What to work on =
Images excluded, return every record exactly as it reads.

Given information =
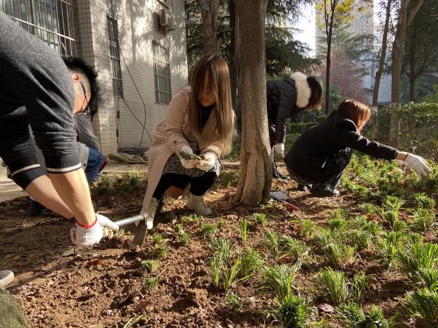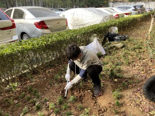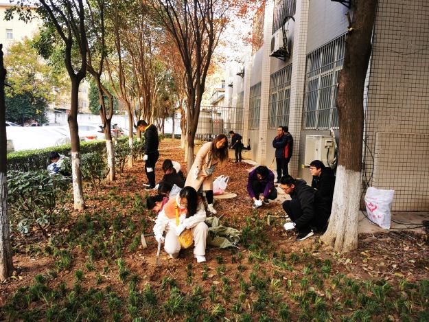 组织友谊校区本科生党支部同学全面配合学校后勤产业集团的校园秋冬季绿化计划,于动漫屋
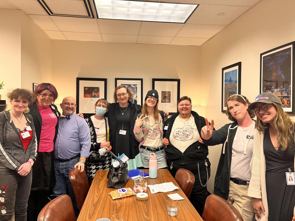“On March 20th, I traveled to Austin with Equality Texas to fight for trans rights at the capitol. I represented TMAH and rallied on the capitol steps with my wife as multiple speakers vocalized the importance of trans and LGBTQIA+ rights. I led my group in speaking to state senators and representatives and we focused primarily on the importance of protecting healthcare for trans youth and passing anti-discrimination laws for things such as places of employment. It was powerful to be surrounded by so many trans folks and allies and have our voices be heard by both those wanting to protect us and those who would want to harm us. It wad a truly rewarding experience like no other I have ever had. We all worked together to make a difference, but the work doesn’t end here. Let’s all band together and keep fighting!”
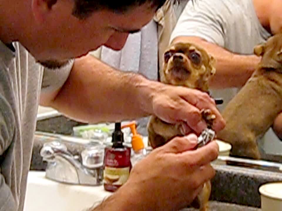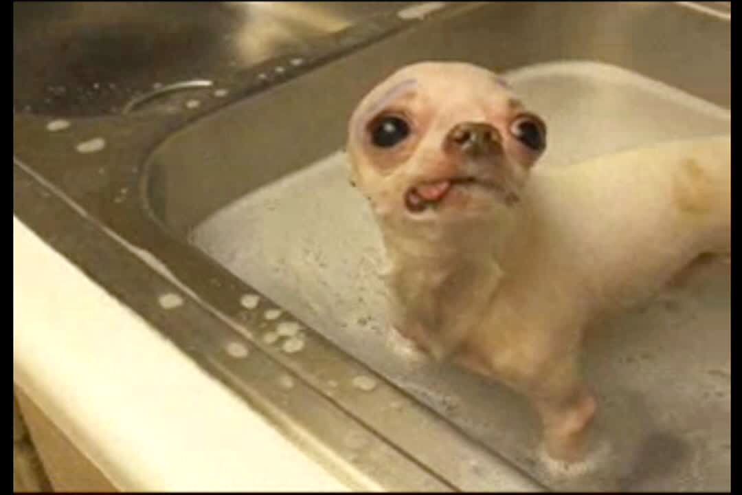 Chihuahua dog gets a bath in the sink, it makes weird noises and sticks its tongue out of its mouth. Odd face.
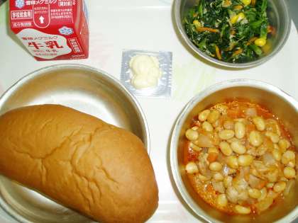今日の給食は大豆と鶏肉のトマト煮でした。暑い夏には,トマトの酸味がピッタリです。
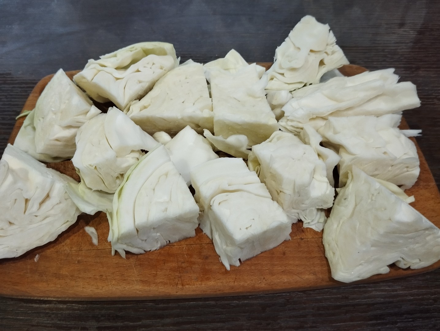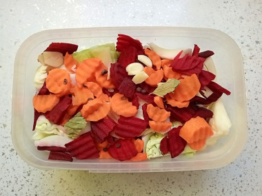 Капуста мне как раз попалась рыхлая, сочная. Нарезала ее кусочками. Свеклу и морковь нарезала пластинками фигурным ножом. Зубчики чеснока тоже разрезала на пластинки, так они лучше отдают свой остренький вкус и аромат.
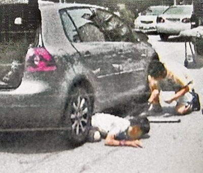 江姓老翁昏倒在馬路中央遭汽車輾過,警方趕抵時,仍卡在車底。圖片來自網(wǎng)絡(luò)
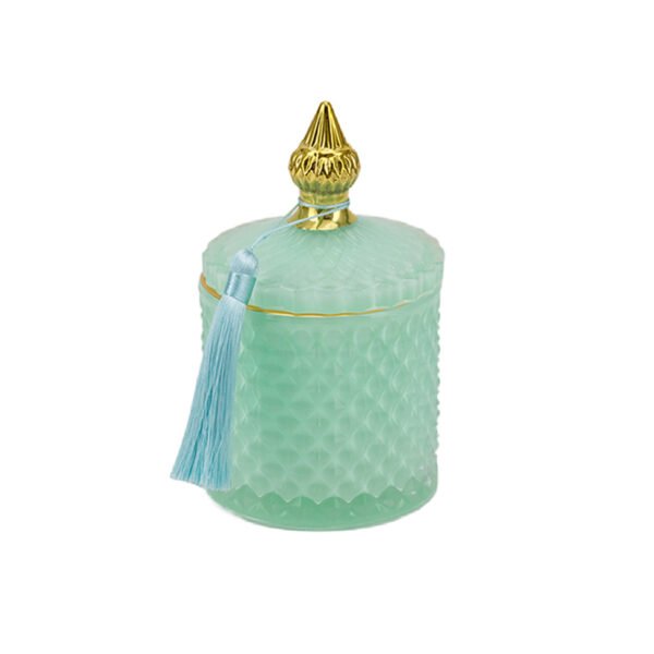 Elegant blue Glass jewelry box with Diamond Pattern, Gold Decorative Lid, and Tassel Ornament – Vintage Style Storage Container for Home Décor, Jewelry, Candy, or Small Items
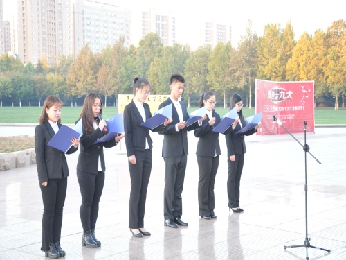 学院师生于国旗前庄严宣誓,声音铿锵有力。姜素锦总结讲话,学校上下正按照新规划的蓝图,认真贯彻落实校党委五有人才培养目标,为早日建成有特色、高水平、国内知名特色研究型大学而努力奋斗。她讲到,作为青年学生一要有坚定理想信念;二要有过硬本领,既钻研理论知识,又掌握实践技能;三要具备健康的身心,树立积极向上的人生观。在厚德、博学、笃行、至善的校训指引下,秉承内外兼修、中西贯通的学院理念,争做合格五有人才。最后,第十七届部分学生骨干代表齐诵《I have a dream》,朗诵者情绪饱满,抑扬顿挫的朗诵声在同学们耳边回荡。
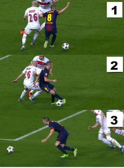 Халфът на Барселона Андрес Иниеста буквално скри топката на защитниците на Пари Сен Жермен Алекс и Кристоф Жале в края на мача-реванш между двата тима от четвъртфиналите на Шампионската лига на "Камп Ноу". Вижте майсторския финт на Иниеста, с който той се освободи от двамата бранители на ПСЖ и отправи удар с левия крак от малък ъгъл, който обаче не намери очертанията на вратата на френския тим.
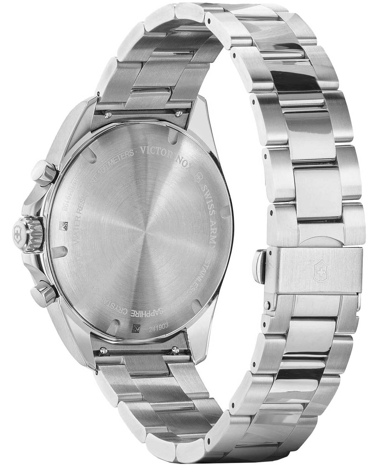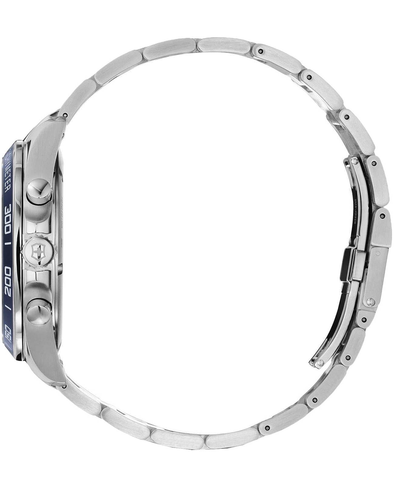 Мужские швейцарские часы-хронографХронографФункция позволяет измерять отрезки времени с особой точностью: часы, минуты, секунды. Верным признаком хронографа является наличие на циферблате 3 дополнительных окошек-счётчиков. Victorinox Fieldforce Chronograph 241901 с надёжным кварцевым механизмом. Сапфировое стеклоСапфировое стеклоПрочный и надёжный материал из кристалла сапфира синтетического происхождения, характеризующийся особой твёрдостью и устойчивостью к царапинам и повреждениям. с трёхслойным антибликовым покрытием. Корпус часов выполнен из нержавеющей стали 316L. Стальной браслет на раскладной застёжкеРаскладная застёжкаТакой тип застёжки используется только на браслетах из металла. Она никогда не раскрывается полностью, происходит разделение на 2 и более частей. Раскладывающая застёжка снизит вероятность потери часов к минимуму.. Влагозащита: 100 метров, позволит плавать, нырять и заниматься другими водными видами спорта. Окошко даты находится в положении 6 часов, стрелки и метки с люминесцентным покрытиемЛюминесцентное покрытиеПозволяет считывать показания времени в темноте. Производители наносят на стрелки, часовые индексы, безель или поверхность циферблата светонакопительный состав, дающий холодное свечение., тахиметрТахиметрРазмеченная шкала, располагается на ободке или безеле часов. Тахиметр позволяет рассчитать скорость на определённом участке пути, расстояние измеряется в километрах или милях..
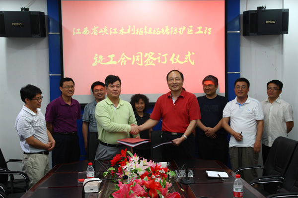 日前,我公司收到江西省峽江水利樞紐工程建設(shè)總指揮部中標(biāo)通知,成功中標(biāo)峽江水利樞紐工程柘塘防護(hù)工程。5月11日上午,公司董事長(zhǎng)總經(jīng)理王元旦代表公司與業(yè)主簽訂施工合同協(xié)議書(shū),合同額為8741.44萬(wàn)元。
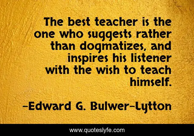 This page presents the quote "The best teacher is the one who suggests rather than dogmatizes, and inspires his listener with the wish to teach himself.". Author of this quote is Edward G. Bulwer-Lytton. This quote is about wish, teach, best,.
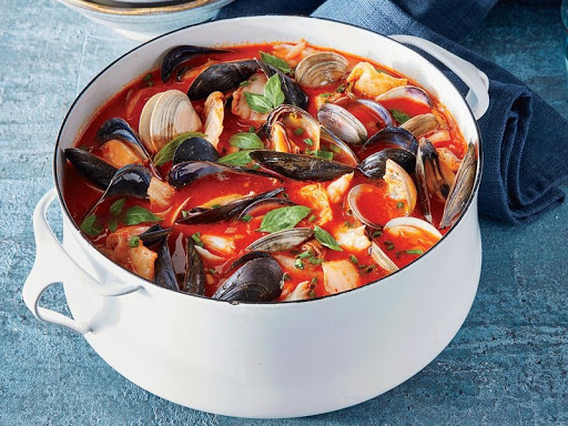 Gochujang, a Korean fermented chile paste, not only brings heat and texture (it contains soybeans and glutinous rice) to this classic San Francisco fish stew, but an added layer of flavor. The tang and smell of kimchi and fish sauce also plays nicely against the assortment of fresh shellfish.
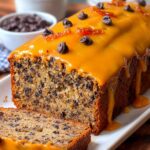 - Assemble and Serve: Pour the peanut butter glaze evenly over the cooled banana bread. Sprinkle with candied bacon pieces and additional chocolate chips for garnish. Slice, serve, and enjoy!
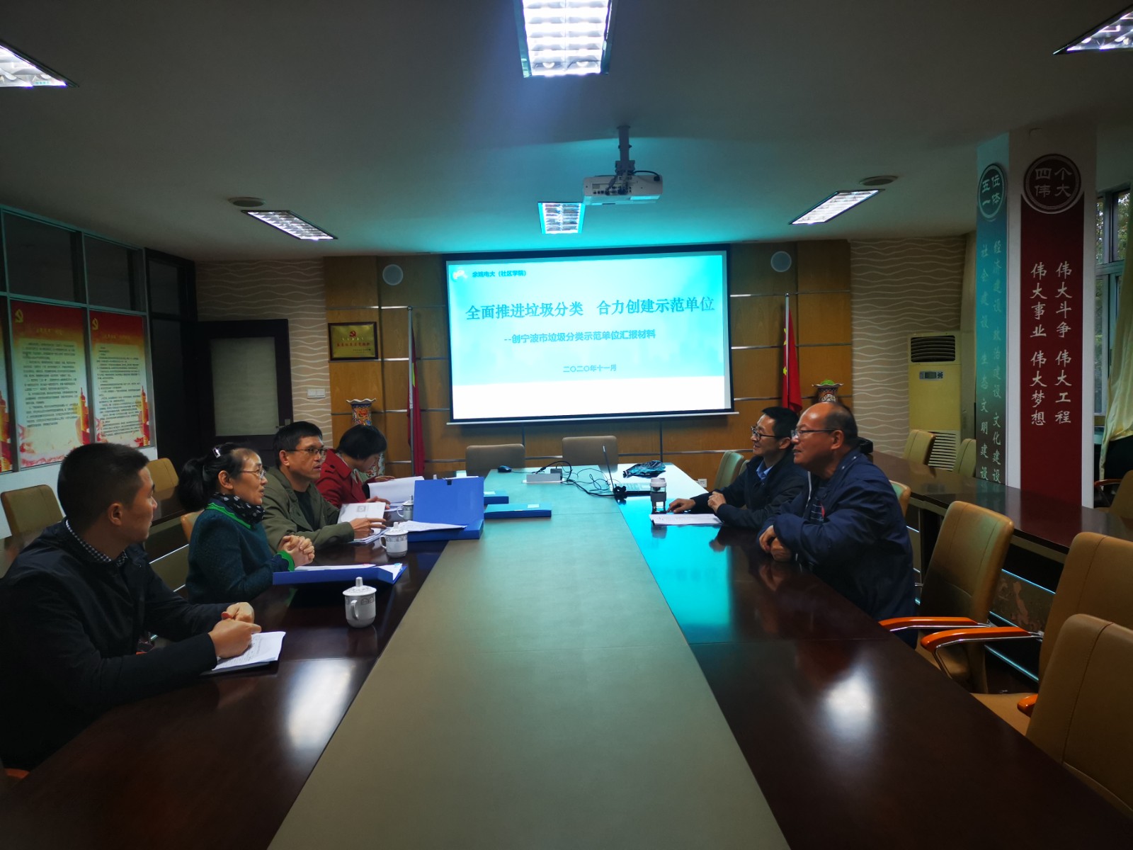 余姚电大(社区学院)迎来宁波市生活垃圾分类示范单位现场评估
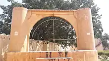 - Shastansh Yantra (next to Vrihat Samrat Yantra) This instrument has a 60-degree arc built in the meridian plane within a dark chamber. At noon, the sun's pinhole image falls on a scale below enabling the observer to measure the zenith distance, declination, and the diameter of the Sun.)[11]

Exercise response =
 组织友谊校区本科生党支部同学全面配合学校后勤产业集团的校园秋冬季绿化计划,于动漫屋
“On March 20th, I traveled to Austin with Equality Texas to fight for trans rights at the capitol. I represented TMAH and rallied on the capitol steps with my wife as multiple speakers vocalized the importance of trans and LGBTQIA+ rights. I led my group in speaking to state senators and representatives and we focused primarily on the importance of protecting healthcare for trans youth and passing anti-discrimination laws for things such as places of employment. It was powerful to be surrounded by so many trans folks and allies and have our voices be heard by both those wanting to protect us and those who would want to harm us. It wad a truly rewarding experience like no other I have ever had. We all worked together to make a difference, but the work doesn’t end here. Let’s all band together and keep fighting!”
 Chihuahua dog gets a bath in the sink, it makes weird noises and sticks its tongue out of its mouth. Odd face.
今日の給食は大豆と鶏肉のトマト煮でした。暑い夏には,トマトの酸味がピッタリです。
 Капуста мне как раз попалась рыхлая, сочная. Нарезала ее кусочками. Свеклу и морковь нарезала пластинками фигурным ножом. Зубчики чеснока тоже разрезала на пластинки, так они лучше отдают свой остренький вкус и аромат.
 江姓老翁昏倒在馬路中央遭汽車輾過,警方趕抵時,仍卡在車底。圖片來自網(wǎng)絡(luò)
 Elegant blue Glass jewelry box with Diamond Pattern, Gold Decorative Lid, and Tassel Ornament – Vintage Style Storage Container for Home Décor, Jewelry, Candy, or Small Items
 学院师生于国旗前庄严宣誓,声音铿锵有力。姜素锦总结讲话,学校上下正按照新规划的蓝图,认真贯彻落实校党委五有人才培养目标,为早日建成有特色、高水平、国内知名特色研究型大学而努力奋斗。她讲到,作为青年学生一要有坚定理想信念;二要有过硬本领,既钻研理论知识,又掌握实践技能;三要具备健康的身心,树立积极向上的人生观。在厚德、博学、笃行、至善的校训指引下,秉承内外兼修、中西贯通的学院理念,争做合格五有人才。最后,第十七届部分学生骨干代表齐诵《I have a dream》,朗诵者情绪饱满,抑扬顿挫的朗诵声在同学们耳边回荡。
 Халфът на Барселона Андрес Иниеста буквално скри топката на защитниците на Пари Сен Жермен Алекс и Кристоф Жале в края на мача-реванш между двата тима от четвъртфиналите на Шампионската лига на "Камп Ноу". Вижте майсторския финт на Иниеста, с който той се освободи от двамата бранители на ПСЖ и отправи удар с левия крак от малък ъгъл, който обаче не намери очертанията на вратата на френския тим.
 Мужские швейцарские часы-хронографХронографФункция позволяет измерять отрезки времени с особой точностью: часы, минуты, секунды. Верным признаком хронографа является наличие на циферблате 3 дополнительных окошек-счётчиков. Victorinox Fieldforce Chronograph 241901 с надёжным кварцевым механизмом. Сапфировое стеклоСапфировое стеклоПрочный и надёжный материал из кристалла сапфира синтетического происхождения, характеризующийся особой твёрдостью и устойчивостью к царапинам и повреждениям. с трёхслойным антибликовым покрытием. Корпус часов выполнен из нержавеющей стали 316L. Стальной браслет на раскладной застёжкеРаскладная застёжкаТакой тип застёжки используется только на браслетах из металла. Она никогда не раскрывается полностью, происходит разделение на 2 и более частей. Раскладывающая застёжка снизит вероятность потери часов к минимуму.. Влагозащита: 100 метров, позволит плавать, нырять и заниматься другими водными видами спорта. Окошко даты находится в положении 6 часов, стрелки и метки с люминесцентным покрытиемЛюминесцентное покрытиеПозволяет считывать показания времени в темноте. Производители наносят на стрелки, часовые индексы, безель или поверхность циферблата светонакопительный состав, дающий холодное свечение., тахиметрТахиметрРазмеченная шкала, располагается на ободке или безеле часов. Тахиметр позволяет рассчитать скорость на определённом участке пути, расстояние измеряется в километрах или милях..
 日前,我公司收到江西省峽江水利樞紐工程建設(shè)總指揮部中標(biāo)通知,成功中標(biāo)峽江水利樞紐工程柘塘防護(hù)工程。5月11日上午,公司董事長(zhǎng)總經(jīng)理王元旦代表公司與業(yè)主簽訂施工合同協(xié)議書(shū),合同額為8741.44萬(wàn)元。
 This page presents the quote "The best teacher is the one who suggests rather than dogmatizes, and inspires his listener with the wish to teach himself.". Author of this quote is Edward G. Bulwer-Lytton. This quote is about wish, teach, best,.
 Gochujang, a Korean fermented chile paste, not only brings heat and texture (it contains soybeans and glutinous rice) to this classic San Francisco fish stew, but an added layer of flavor. The tang and smell of kimchi and fish sauce also plays nicely against the assortment of fresh shellfish.
 - Assemble and Serve: Pour the peanut butter glaze evenly over the cooled banana bread. Sprinkle with candied bacon pieces and additional chocolate chips for garnish. Slice, serve, and enjoy!
 余姚电大(社区学院)迎来宁波市生活垃圾分类示范单位现场评估
 - Shastansh Yantra (next to Vrihat Samrat Yantra) This instrument has a 60-degree arc built in the meridian plane within a dark chamber. At noon, the sun's pinhole image falls on a scale below enabling the observer to measure the zenith distance, declination, and the diameter of the Sun.)[11]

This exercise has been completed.